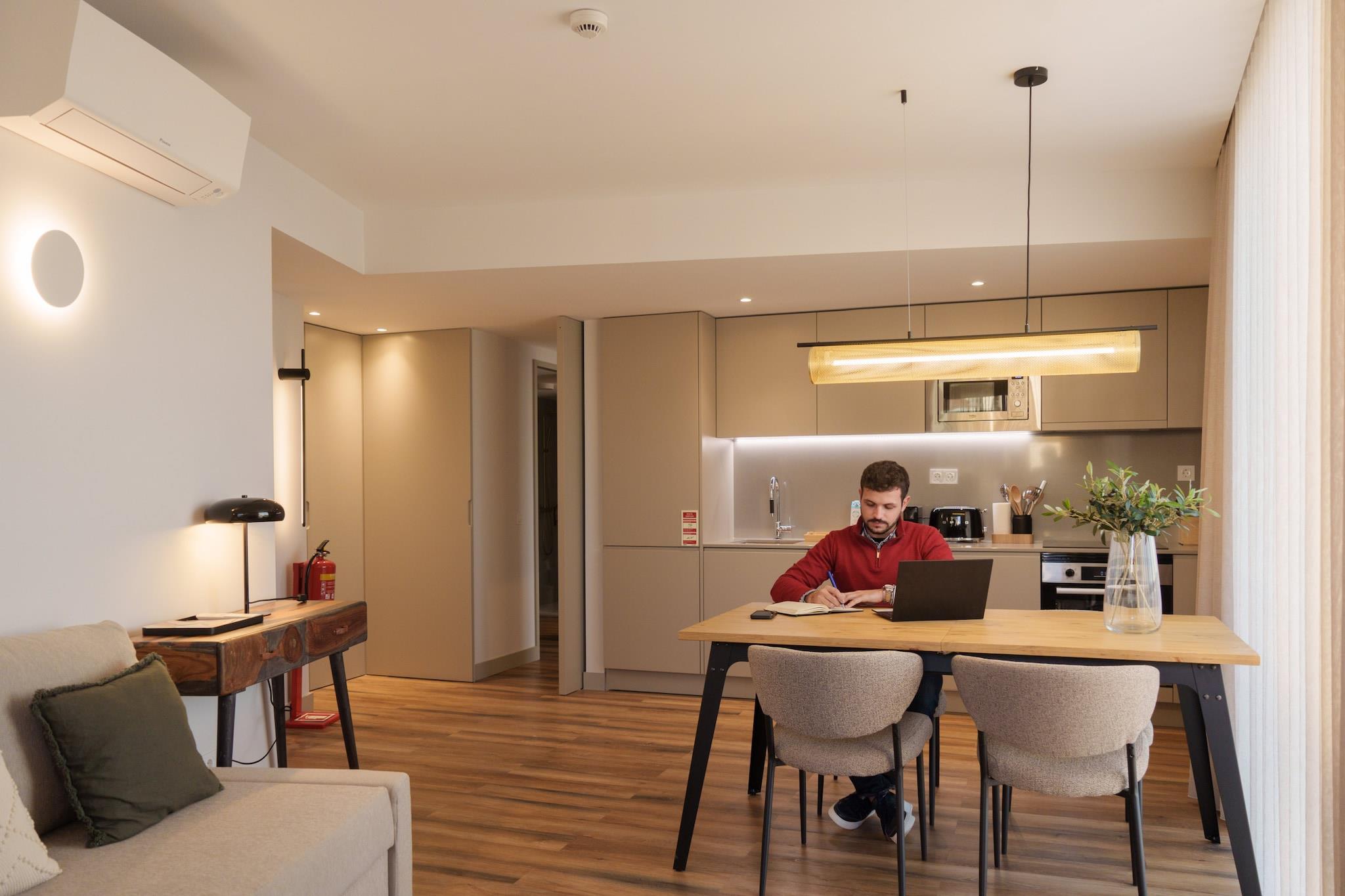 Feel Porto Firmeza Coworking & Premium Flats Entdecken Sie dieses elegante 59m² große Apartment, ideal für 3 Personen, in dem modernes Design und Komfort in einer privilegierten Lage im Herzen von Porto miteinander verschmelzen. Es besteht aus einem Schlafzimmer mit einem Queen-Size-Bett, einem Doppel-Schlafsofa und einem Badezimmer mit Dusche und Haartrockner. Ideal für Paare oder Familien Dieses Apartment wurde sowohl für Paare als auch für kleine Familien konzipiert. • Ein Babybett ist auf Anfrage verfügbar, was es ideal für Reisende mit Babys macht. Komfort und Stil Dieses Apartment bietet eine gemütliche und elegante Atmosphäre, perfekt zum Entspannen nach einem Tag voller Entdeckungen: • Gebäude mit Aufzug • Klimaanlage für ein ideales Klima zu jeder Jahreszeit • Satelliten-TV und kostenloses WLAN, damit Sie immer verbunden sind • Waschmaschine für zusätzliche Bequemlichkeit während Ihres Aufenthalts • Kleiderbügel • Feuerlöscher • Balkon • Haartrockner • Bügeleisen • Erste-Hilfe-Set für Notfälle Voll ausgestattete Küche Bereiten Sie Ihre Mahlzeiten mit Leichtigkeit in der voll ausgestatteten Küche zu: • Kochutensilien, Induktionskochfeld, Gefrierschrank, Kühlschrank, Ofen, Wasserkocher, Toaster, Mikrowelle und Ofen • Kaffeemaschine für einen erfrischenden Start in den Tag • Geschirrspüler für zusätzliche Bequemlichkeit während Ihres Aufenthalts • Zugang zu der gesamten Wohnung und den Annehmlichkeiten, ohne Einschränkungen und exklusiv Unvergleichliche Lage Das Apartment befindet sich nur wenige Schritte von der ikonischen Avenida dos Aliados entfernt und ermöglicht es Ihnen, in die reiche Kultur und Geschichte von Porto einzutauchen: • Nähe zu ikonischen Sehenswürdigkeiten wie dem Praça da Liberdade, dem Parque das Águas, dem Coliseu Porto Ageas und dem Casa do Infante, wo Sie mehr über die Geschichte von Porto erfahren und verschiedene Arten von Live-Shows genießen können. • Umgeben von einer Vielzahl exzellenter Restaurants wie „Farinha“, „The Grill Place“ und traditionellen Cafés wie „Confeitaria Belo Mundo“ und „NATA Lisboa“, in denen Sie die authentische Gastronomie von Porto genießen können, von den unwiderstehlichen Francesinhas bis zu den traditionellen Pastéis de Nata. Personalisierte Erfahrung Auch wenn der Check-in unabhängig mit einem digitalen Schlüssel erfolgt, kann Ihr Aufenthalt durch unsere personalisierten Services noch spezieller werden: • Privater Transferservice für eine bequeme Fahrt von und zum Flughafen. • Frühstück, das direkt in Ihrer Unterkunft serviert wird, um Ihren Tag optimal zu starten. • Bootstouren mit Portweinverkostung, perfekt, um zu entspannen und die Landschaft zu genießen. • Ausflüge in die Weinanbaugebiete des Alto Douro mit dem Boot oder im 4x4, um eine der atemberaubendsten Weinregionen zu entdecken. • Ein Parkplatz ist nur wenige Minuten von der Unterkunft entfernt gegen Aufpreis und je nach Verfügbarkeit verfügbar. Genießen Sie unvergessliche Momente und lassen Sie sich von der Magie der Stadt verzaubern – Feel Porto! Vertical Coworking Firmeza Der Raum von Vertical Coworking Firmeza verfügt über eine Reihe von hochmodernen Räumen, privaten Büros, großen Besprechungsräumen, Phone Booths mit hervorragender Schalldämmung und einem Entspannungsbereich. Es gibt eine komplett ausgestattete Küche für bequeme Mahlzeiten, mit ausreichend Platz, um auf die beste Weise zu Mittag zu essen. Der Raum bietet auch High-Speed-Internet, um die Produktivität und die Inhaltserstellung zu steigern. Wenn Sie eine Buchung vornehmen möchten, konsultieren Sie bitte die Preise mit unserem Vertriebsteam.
------------
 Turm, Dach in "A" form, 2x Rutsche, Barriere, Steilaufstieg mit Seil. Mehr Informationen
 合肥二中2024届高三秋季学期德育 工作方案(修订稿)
------------
Task prompt — Only the lines above from the line with "Turm, Dach in" to the line with "合肥二中2024届高三秋季学期德育 工作方案(修订稿)", those two lines included, should be reproduced exactly.

Response for this exercise —
 Turm, Dach in "A" form, 2x Rutsche, Barriere, Steilaufstieg mit Seil. Mehr Informationen
 合肥二中2024届高三秋季学期德育 工作方案(修订稿)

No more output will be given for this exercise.